** Opening MATERIAL FOR THIS EXERCISE block **
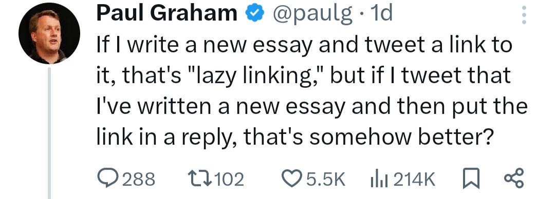 Graham responded with “If I write a new essay and tweet a link to it, that's ‘lazy linking,’ but if I tweet that I've written a new essay and then put the link in a reply, that's somehow better?”
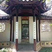假山东南有园中大的建筑,主厅明道堂,是以前文人讲学的地方。墙上悬有三块宋碑石刻拓片。
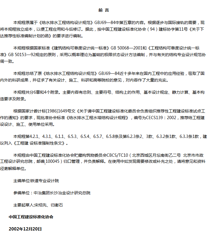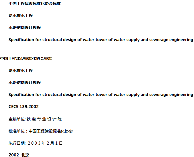 给水排水工程水塔结构设计规程收藏
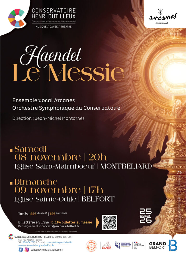 Samedi 8 novembre 2025 à 20h à Montbéliard et dimanche 9 novembre 2025 à 17h, à Belfort, l’Ensemble vocal Arcanes et l’Orchestre symphonique du Conservatoire de Belfort invitent le public à (re)découvrir Le Messie de Georg Friedrich Haendel, l’un des chefs-d’œuvre les plus emblématiques du répertoire sacré baroque.
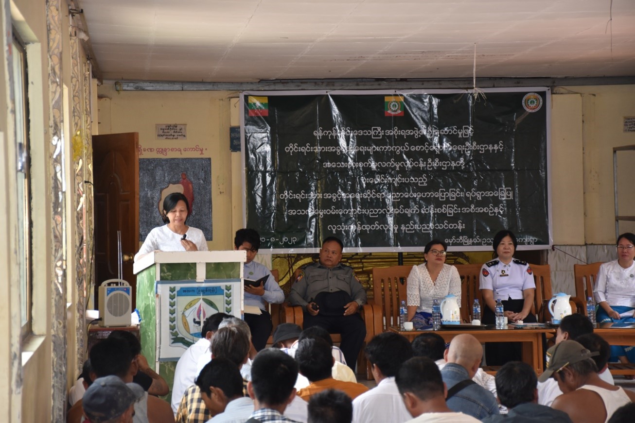 ပထမဦးစွာ တိုင်းရင်းသားအခွင့်အရေးများကာကွယ်စောင့်ရှောက်ရေးဦးစီးဌာန ရန်ကုန် တိုင်းဒေသကြီး ညွှန်ကြားရေးမှူးရုံးမှ ဒုတိယညွှန်ကြားရေးမှူး ဒေါ်ဖြူဖြူဝင်းက တိုင်းရင်းသား လူမျိုးများရေးရာဝန်ကြီးဌာနအကြောင်းမိတ်ဆက်ခြင်း၊ တိုင်းရင်းသားလူမျိုးများ၏ အခွင့်အရေး ကာကွယ်စောင့်ရှောက်သည့် ဥပဒေ၊ နည်းဥပဒေများအကြောင်း၊ တိုင်းရင်းသားအချင်းချင်း အမုန်းစကားနှင့် အကြမ်းဖက်မှုဖြစ်စေရန် လှုံ့ဆော်မှုကို တားဆီးရေးဆိုင်ရာ သိကောင်း စရာများကိုလည်းကောင်း၊ တိုင်းရင်းသားလူမျိုးများ၏ အခွင့်အရေးကာကွယ်စောင့်ရှောက်သည့် ဥပဒေတွင်ပါရှိသည့် တိုင်းရင်းသားလူမျိုးများ၏ အခွင့်အရေးဆိုင်ရာများ၊ စစ်တမ်းများ ကောက်ယူ ရခြင်းရည်ရွယ်ချက်နှင့် တိုင်းရင်းသားဘာသာသင် TA/LT ဆရာများခန့်ထားခြင်းဆိုင်ရာ ကိစ္စများကို ရှင်းလင်းပြောကြားခဲ့ပါသည်။
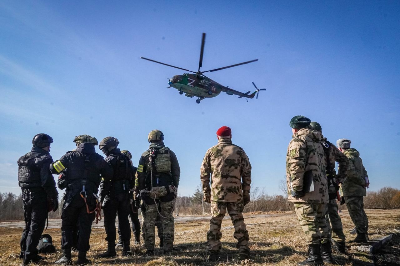 В ходе занятий, проходивших под Петербургом, росгвардейцы десантировались с вертолетов Ми-8 и Ка-226 посадочными и штурмовыми способами с применением альпинистского снаряжения, канатов скоростного спуска, а также выполнили эвакуацию с применением каната.
** Closing MATERIAL FOR THIS EXERCISE block **
**TASK:** The answer is a faithful copy of the records above, with the pictures removed.

**COMPLETED TASK:**
 Graham responded with “If I write a new essay and tweet a link to it, that's ‘lazy linking,’ but if I tweet that I've written a new essay and then put the link in a reply, that's somehow better?”
假山东南有园中大的建筑,主厅明道堂,是以前文人讲学的地方。墙上悬有三块宋碑石刻拓片。
 给水排水工程水塔结构设计规程收藏
 Samedi 8 novembre 2025 à 20h à Montbéliard et dimanche 9 novembre 2025 à 17h, à Belfort, l’Ensemble vocal Arcanes et l’Orchestre symphonique du Conservatoire de Belfort invitent le public à (re)découvrir Le Messie de Georg Friedrich Haendel, l’un des chefs-d’œuvre les plus emblématiques du répertoire sacré baroque.
 ပထမဦးစွာ တိုင်းရင်းသားအခွင့်အရေးများကာကွယ်စောင့်ရှောက်ရေးဦးစီးဌာန ရန်ကုန် တိုင်းဒေသကြီး ညွှန်ကြားရေးမှူးရုံးမှ ဒုတိယညွှန်ကြားရေးမှူး ဒေါ်ဖြူဖြူဝင်းက တိုင်းရင်းသား လူမျိုးများရေးရာဝန်ကြီးဌာနအကြောင်းမိတ်ဆက်ခြင်း၊ တိုင်းရင်းသားလူမျိုးများ၏ အခွင့်အရေး ကာကွယ်စောင့်ရှောက်သည့် ဥပဒေ၊ နည်းဥပဒေများအကြောင်း၊ တိုင်းရင်းသားအချင်းချင်း အမုန်းစကားနှင့် အကြမ်းဖက်မှုဖြစ်စေရန် လှုံ့ဆော်မှုကို တားဆီးရေးဆိုင်ရာ သိကောင်း စရာများကိုလည်းကောင်း၊ တိုင်းရင်းသားလူမျိုးများ၏ အခွင့်အရေးကာကွယ်စောင့်ရှောက်သည့် ဥပဒေတွင်ပါရှိသည့် တိုင်းရင်းသားလူမျိုးများ၏ အခွင့်အရေးဆိုင်ရာများ၊ စစ်တမ်းများ ကောက်ယူ ရခြင်းရည်ရွယ်ချက်နှင့် တိုင်းရင်းသားဘာသာသင် TA/LT ဆရာများခန့်ထားခြင်းဆိုင်ရာ ကိစ္စများကို ရှင်းလင်းပြောကြားခဲ့ပါသည်။
 В ходе занятий, проходивших под Петербургом, росгвардейцы десантировались с вертолетов Ми-8 и Ка-226 посадочными и штурмовыми способами с применением альпинистского снаряжения, канатов скоростного спуска, а также выполнили эвакуацию с применением каната.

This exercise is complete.